What You Can Do Right Now
You can’t wait for these systems to get built. Your AI has memory today, and it’s accumulating stale context today.
Audit your AI’s memory. Open ChatGPT’s memory panel, or check Claude’s memory settings. Read what it “knows” about you. You will find things that are wrong, outdated, or weirdly specific. Delete what’s stale. Five minutes. Immediately improves every future conversation.
Be the detection layer. No system can detect when your facts change, so you have to. Changed jobs? Tell your AI. Moved cities? Tell your AI. It won’t figure it out on its own, and it won’t ask.

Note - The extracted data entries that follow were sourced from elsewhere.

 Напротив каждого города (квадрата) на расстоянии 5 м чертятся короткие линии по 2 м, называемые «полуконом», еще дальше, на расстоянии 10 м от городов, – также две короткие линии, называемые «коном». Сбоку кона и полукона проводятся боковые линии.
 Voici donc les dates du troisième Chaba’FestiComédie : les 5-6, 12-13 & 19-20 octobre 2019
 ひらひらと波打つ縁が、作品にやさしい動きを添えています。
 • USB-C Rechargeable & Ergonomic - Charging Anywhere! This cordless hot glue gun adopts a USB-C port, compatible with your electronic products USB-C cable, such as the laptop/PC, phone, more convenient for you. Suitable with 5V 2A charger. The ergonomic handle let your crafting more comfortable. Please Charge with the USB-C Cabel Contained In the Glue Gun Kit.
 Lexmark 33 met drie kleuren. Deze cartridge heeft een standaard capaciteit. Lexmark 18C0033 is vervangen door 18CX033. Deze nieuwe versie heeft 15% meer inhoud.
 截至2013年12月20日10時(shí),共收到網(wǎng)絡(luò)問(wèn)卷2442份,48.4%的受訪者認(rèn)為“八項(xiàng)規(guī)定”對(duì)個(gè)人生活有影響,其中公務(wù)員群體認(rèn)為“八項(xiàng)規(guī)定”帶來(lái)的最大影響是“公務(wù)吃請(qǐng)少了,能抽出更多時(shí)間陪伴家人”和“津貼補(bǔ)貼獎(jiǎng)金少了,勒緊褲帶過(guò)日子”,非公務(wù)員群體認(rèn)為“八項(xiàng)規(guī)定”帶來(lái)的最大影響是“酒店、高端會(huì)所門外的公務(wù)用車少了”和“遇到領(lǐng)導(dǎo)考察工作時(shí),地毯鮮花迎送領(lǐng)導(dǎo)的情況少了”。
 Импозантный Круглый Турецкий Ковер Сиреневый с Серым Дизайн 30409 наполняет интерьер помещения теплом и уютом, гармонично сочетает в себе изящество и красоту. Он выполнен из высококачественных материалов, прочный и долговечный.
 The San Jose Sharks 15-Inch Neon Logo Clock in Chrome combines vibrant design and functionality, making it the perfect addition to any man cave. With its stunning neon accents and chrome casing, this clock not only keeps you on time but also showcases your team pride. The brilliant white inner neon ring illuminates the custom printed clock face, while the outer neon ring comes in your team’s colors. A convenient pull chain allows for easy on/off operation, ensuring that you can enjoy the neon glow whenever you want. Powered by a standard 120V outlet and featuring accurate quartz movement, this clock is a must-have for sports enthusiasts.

Test for causal reasoning. Tell an AI two related facts. “I’m vegetarian” and “I love cooking with butter.” Then update one: “I’ve gone vegan.” Ask for a recipe. Does it still suggest butter? You’ll learn fast how isolated its memory actually is.
Explicitly expire context. When a project ends, a decision is made, or a situation changes, tell the system. “That meeting is over, you can forget the details.” “We went with Option B, Option A is no longer relevant.” Don’t let old context pile up. It’s not free, and it’s actively making things worse.
Evaluate tools by their forgetting. When choosing an AI tool, don’t just ask “what does it remember?” Ask “how does it forget?” Does it have decay? Can you edit memory? Can you delete? A tool that can’t forget well will degrade over time.
The Question
The question isn’t whether AI systems will forget. They already do. Every context window has a limit, every session eventually ends, every system hits the point where it has to throw something away.
The question is whether they’ll forget well.
Right now, forgetting happens by accident. Truncation. Token limits. Crashes. Memory wipes. The system hits a wall and something gets lost and nobody chose what.
The research says something different is possible. Selective forgetting that improves retrieval. Temporal tracking that knows when facts expire. Decay curves borrowed from how human memory actually works.
Everyone’s building memory. The hard problem, the one that will separate the systems that work from the ones that don’t, is building forgetting.
Intentional, principled, well-architected forgetting.